__EXERCISE OBJECTIVE__. Below are several entries. Transcribe exactly those lines that fall from the one with "Furst of a Kind" through the one with "Рыба Сельдь холодного", end lines included.

__EXERCISE INPUTS__.
++++

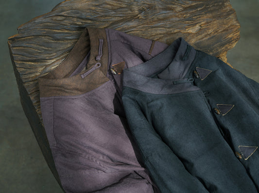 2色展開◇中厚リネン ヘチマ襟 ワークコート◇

++++

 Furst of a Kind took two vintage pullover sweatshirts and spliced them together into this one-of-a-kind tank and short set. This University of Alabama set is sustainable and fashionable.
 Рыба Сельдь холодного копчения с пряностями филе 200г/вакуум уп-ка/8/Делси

++++

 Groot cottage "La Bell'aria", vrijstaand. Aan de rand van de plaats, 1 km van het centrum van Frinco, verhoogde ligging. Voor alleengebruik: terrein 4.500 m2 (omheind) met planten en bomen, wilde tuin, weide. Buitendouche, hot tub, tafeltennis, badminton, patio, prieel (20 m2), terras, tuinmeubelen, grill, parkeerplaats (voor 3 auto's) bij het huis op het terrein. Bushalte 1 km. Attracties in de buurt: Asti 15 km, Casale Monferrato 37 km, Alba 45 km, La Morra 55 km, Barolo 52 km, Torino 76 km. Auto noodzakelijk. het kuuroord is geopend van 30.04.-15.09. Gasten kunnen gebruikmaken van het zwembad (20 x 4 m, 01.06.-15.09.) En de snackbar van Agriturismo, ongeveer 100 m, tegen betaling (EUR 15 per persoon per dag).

++++

__RESPONSE BELOW__.
 Furst of a Kind took two vintage pullover sweatshirts and spliced them together into this one-of-a-kind tank and short set. This University of Alabama set is sustainable and fashionable.
 Рыба Сельдь холодного копчения с пряностями филе 200г/вакуум уп-ка/8/Делси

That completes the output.